REQUIRED WORK —
Write back every line of the listing exactly, excluding images.

STORED DATA —

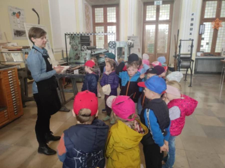 Mróweczki wybrały się na krótką wycieczkę do Muzeum Sztuki Drukarskiej i Papiernictwa w Supraślu. Dzieci wykonały tam swoje własne zakładki do książek.
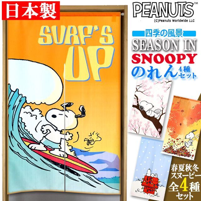 暖簾 日本製 スヌーピー四季のれん 4種セット 出入り口 タペストリー 部屋 インテリア 和の風情 リビング キッチン 春の陽気ち SURFUP 落ち葉遊び 雪景色
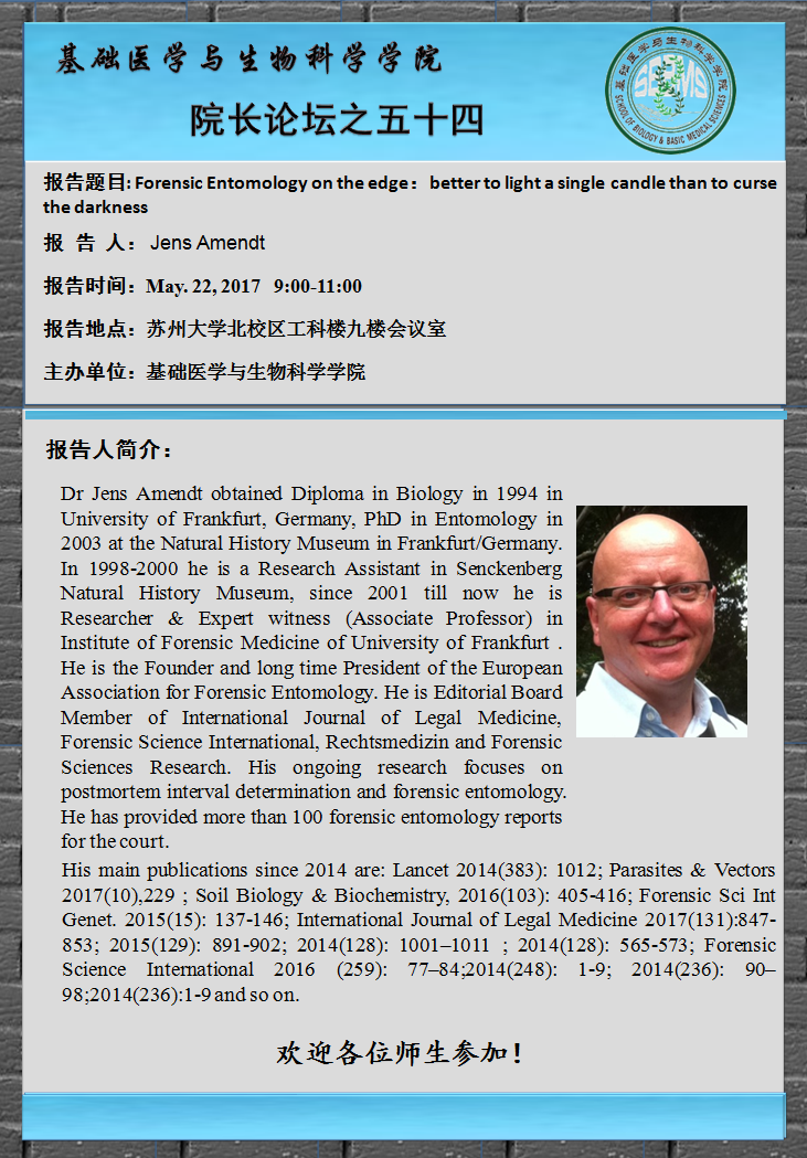 院长论坛之五十四: Forensic Entomology on the edge: Better to Light a Singal Candle than to Curse the Darkness

RESULT BELOW —
 Mróweczki wybrały się na krótką wycieczkę do Muzeum Sztuki Drukarskiej i Papiernictwa w Supraślu. Dzieci wykonały tam swoje własne zakładki do książek.
 暖簾 日本製 スヌーピー四季のれん 4種セット 出入り口 タペストリー 部屋 インテリア 和の風情 リビング キッチン 春の陽気ち SURFUP 落ち葉遊び 雪景色
 院长论坛之五十四: Forensic Entomology on the edge: Better to Light a Singal Candle than to Curse the Darkness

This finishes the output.